Ulteriori chiarimenti del C.g.a. in materia di recupero dei sottotetti in Sicilia

Ulteriori chiarimenti del C.g.a. in materia di recupero dei sottotetti in Sicilia

Con il parere n. 267/2021 reso in data 29/07/2021 per la decisione di un ricorso straordinario, il C.g.a. ha colto l’occasione per fornire diversi chiarimenti in merito alla disciplina regionale di recuperi dei sottotetti.

L’art. 5 della l.r. 10 agosto 2016, n. 16 consente il c.d. recupero volumetrico “a fini abitativi” dei sottotetti; e l’art.10 (comma 4, lett. “d”) della predetta legge – che introduce per le fattispecie ivi indicate la regola della alternatività fra “permesso di costruire” e “dichiarazione di inizio attività”) – ribadisce e conferma che si tratta di un recupero volumetrico “abitativo” o “ai fini abitativi”.

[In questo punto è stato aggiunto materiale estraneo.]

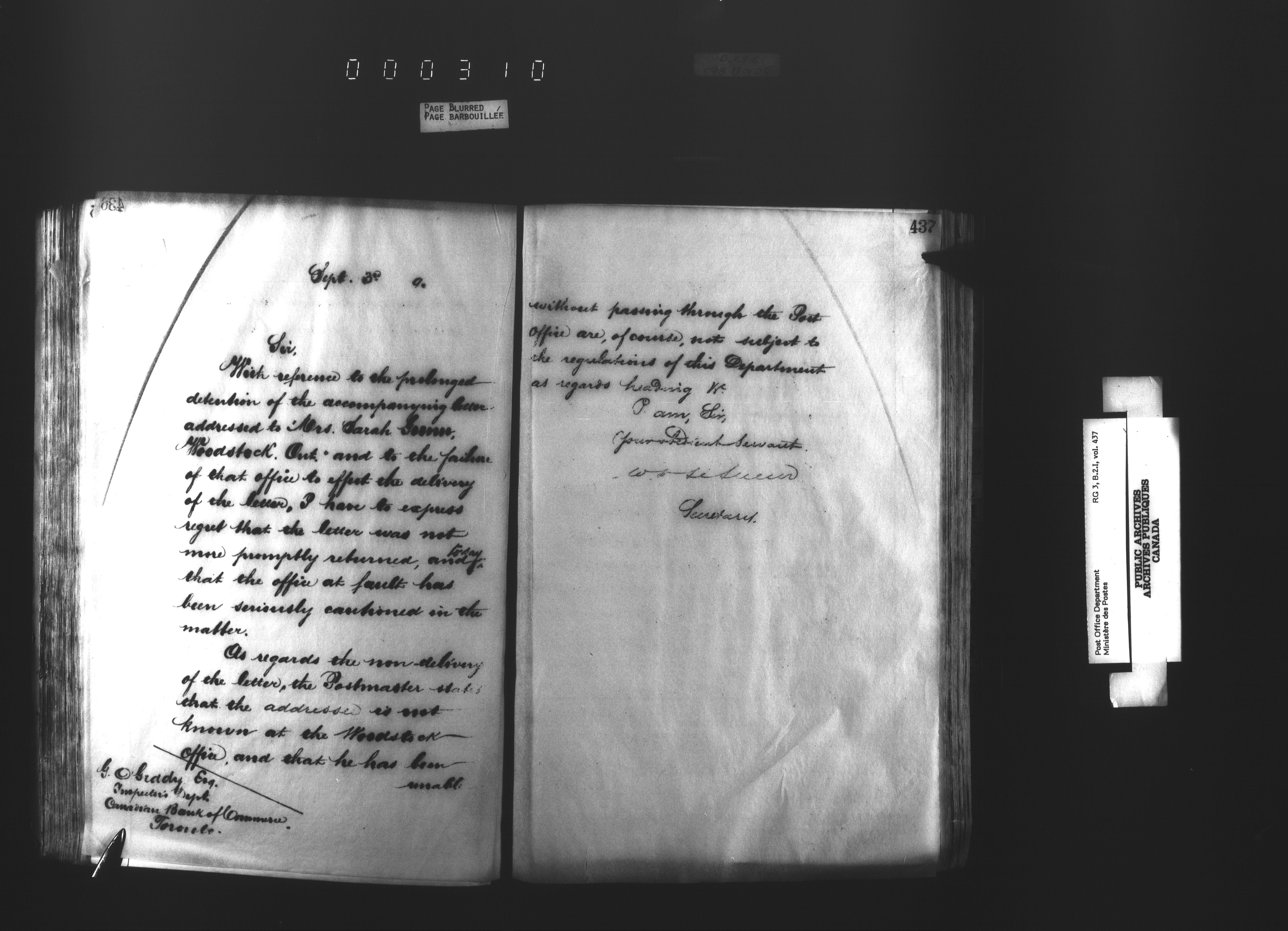 Records and general correspondence sent from the Postmaster General, 1851-1902 - 3903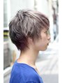 カットベースは普通のショートスタイルですが、ハイトーンのカラーリングで個性を出しています。 3回ブリーチ後、グレイアッシュをベースにピンクアッシュのポイントカラーを入れています。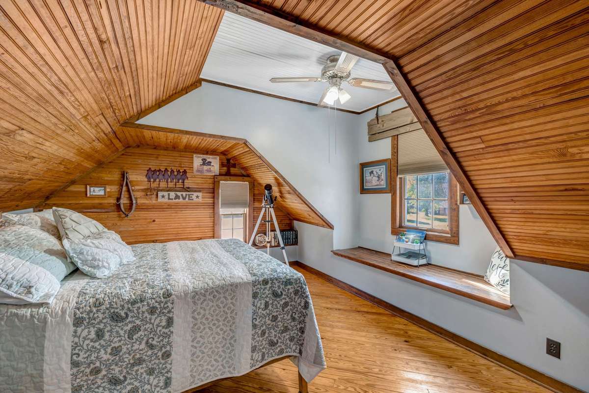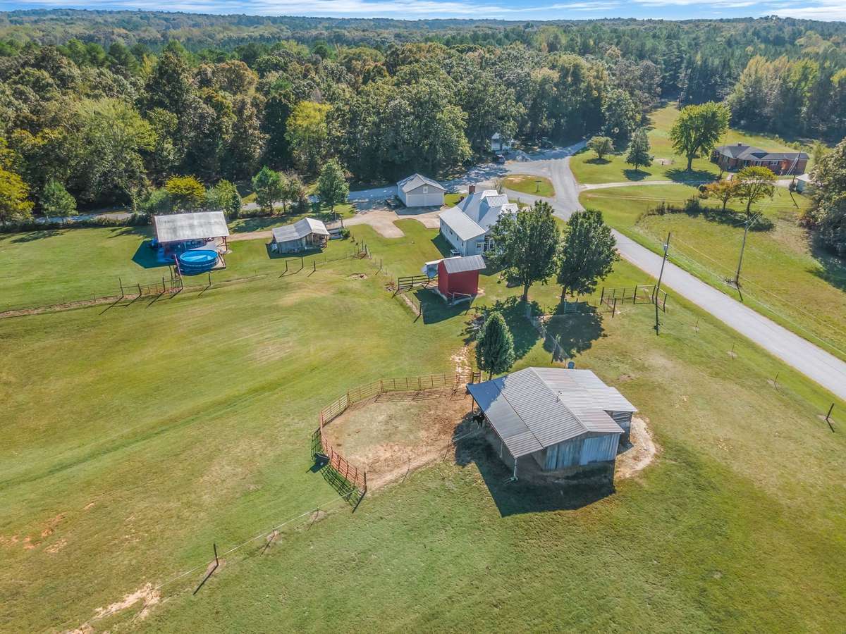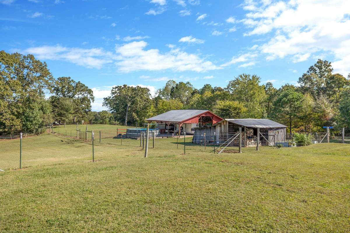 Designed for those who value land and lifestyle, the property includes a 3- stall horse barn with tack room and hay storage, three fenced pastures, a large pole barn, and a two- car detached garage with oversized attic storage. An original smokehouse with an underground storm shelter adds both character and functionality.

Dalla semplice lettura del “testo” della normativa richiamata (o, ciò che è lo stesso, dalla sua interpretazione letterale), è agevole desumere, quindi, che il recupero delle volumetrie dei sottotetti è consentito – lo statuisce a chiare lettere il legislatore – “a fini abitativi” e cioè allo scopo di rispondere al complesso delle esigenze abitative – a tutte e dunque a ciascuna di esse, nessuna esclusa – di chi intenda giovarsi dell’opportunità offerta dalla legge. E poiché non è neanche lontanamente concepibile che in un luogo destinato ad abitazione, nel senso compiuto e tradizionale del termine, non vi siano locali e spazi adibiti (e/o che possano essere adibiti) a servizi igienici, a cucina ed al riposo notturno e diurno non si può escludere dalla previsione normativa esaminata il “recupero volumetrico” di locali destinati o destinabili a tali usi. Sono proprio questi spazi e questi locali, infatti, quelli irrinunciabilmente consustanziali – nella contemporanea civiltà – alla funzione abitativa.

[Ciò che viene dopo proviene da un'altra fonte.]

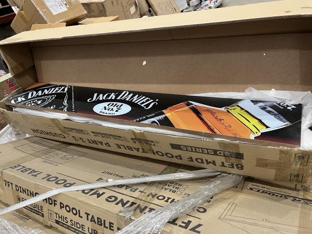 Pallet of pool table components including cushions for Jack Daniels table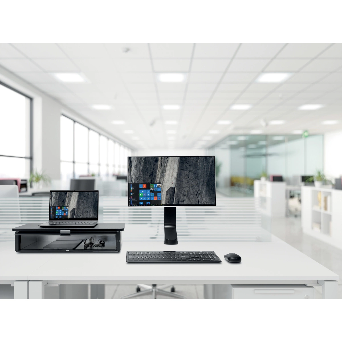 - Podstawka jest przeznaczona do monitorów o wadze do 18 kg, można na niej postawić jeden monitor o przekątnej 34 cale lub 2 monitory z przekątną 24"", promuje przyjmowanie prawidłowej postawy i zapewnia optymalny komfort podczas pracy przy komputerze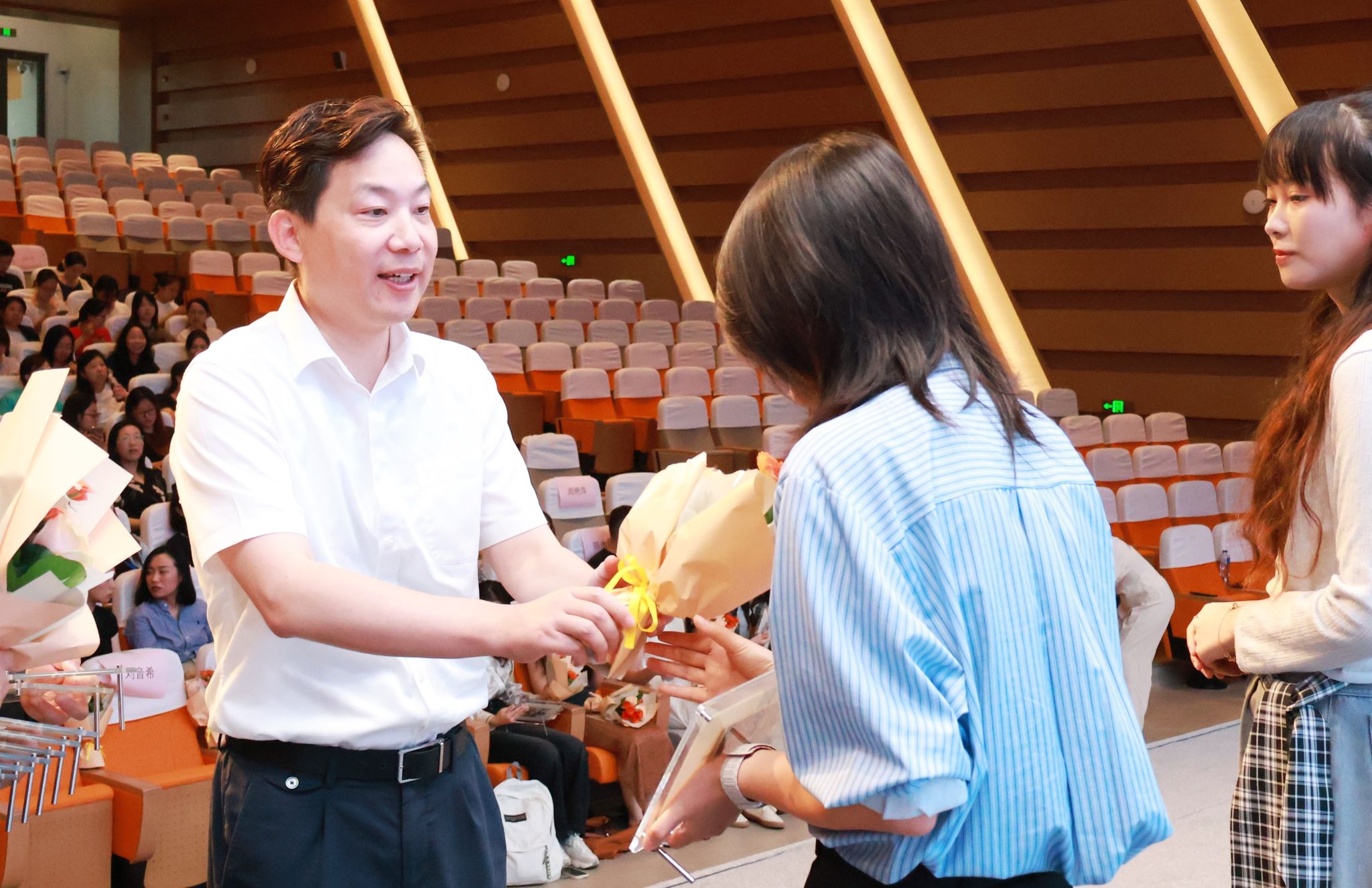 首先举行的是2003年新教师满师仪式。经过两年的师徒带教及新教师培训,又一批新教师顺利满师,成为更新的自我。刘炼校长给新教师们颁发了奖状和鲜花,祝贺新教师满师。新教师们向辛勤的带教师傅们献花,留下珍贵的师徒合影。新教师代表段晓倩老师,带教师傅代表康亮老师都进行了发言。提前满师的陈腾老师和带教师傅姚青老师也发表了情真意切的感言。

In tal senso non è possibile – da parte del Comune – sindacare le scelte dei cittadini relative alla distribuzione degli spazi all’interno delle proprie abitazioni; e ciò a tal punto da stabilire quale ambiente – fra più spazi parimenti salubri dal punto di vista igienico-sanitario – debba essere considerato “abitativo” e quale semplicemente complementare o strumentale alla funzione abitativa.

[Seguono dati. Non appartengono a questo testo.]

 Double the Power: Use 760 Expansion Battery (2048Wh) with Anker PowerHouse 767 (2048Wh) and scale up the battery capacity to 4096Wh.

I Giudici hanno anche chiarito che è errata la tesi per cui che nel consentire il c.d. recupero “a fini abitativi” dei volumi dei sottotetti, il Legislatore abbia inteso riferirsi esclusivamente al recupero di spazi da utilizzare in funzione di “volumi tecnici” (e/o di volumi comunque solamente accessori e pertinenziali) e non anche al recupero di tutti i volumi che si rivelino utilizzabili per le attività che connotano – poco importa se primariamente o accessoriamente – la funzione abitativa (intesa in senso lato) e ad essa destinabili.

La ratio della norma che consente il c.d. recupero volumetrico dei sottotetti “a fini abitativi”, è quella di migliorare la complessiva fruibilità degli spazi interni all’abitazione al fine di renderla più comoda in relazione alle singole necessità; e non certo quella di creare esclusivamente volumi pertinenziali o di estendere quelli esistenti.

Se si pongono in relazione le varie disposizioni contenute nell’art. 5, comma 1, lett. “d”, della l.r. n. 16 del 2016 risulta ictu oculi che la norma in questione distingue nettamente fra “recupero abitativo dei sottotetti” e “recupero abitativo di pertinenze, locali accessori, interrati e seminterrati”, dettando per i primi regole differenti per il calcolo delle altezze.

La normativa in questione stabilisce, in particolare:

– che il “recupero abitativo dei sottotetti” è consentito (anche con la realizzazione di nuovi solai) purché sia assicurata per ogni singola unità immobiliare l’altezza media ponderale di 2 metri, calcolata dividendo il volume della parte di sottotetto la cui altezza superi 1,50 metri per la superficie relativa;

– e che il “recupero abitativo delle pertinenze, dei locali accessori, degli interrati e dei seminterrati” è consentito ove sussista una altezza minima non inferiore a 2,20 metri.

Ciò conferma che – nella ratio legis – gli spazi destinabili al “recupero volumetrico” non sono esclusivamente quelli, meramente pertinenziali ed accessori e che la normativa in esame non ha affatto inteso restringere (rectius: limitare) il recupero abitativo a questi ultimi: se così non fosse il Legislatore non avrebbe dedicato una specifica disposizione alla regolamentazione degli spazi specificamente abitativi, definendoli ed inquadrandoli come categoria autonoma e differenziandone la disciplina rispetto agli altri (quelli accessori/pertinenziali).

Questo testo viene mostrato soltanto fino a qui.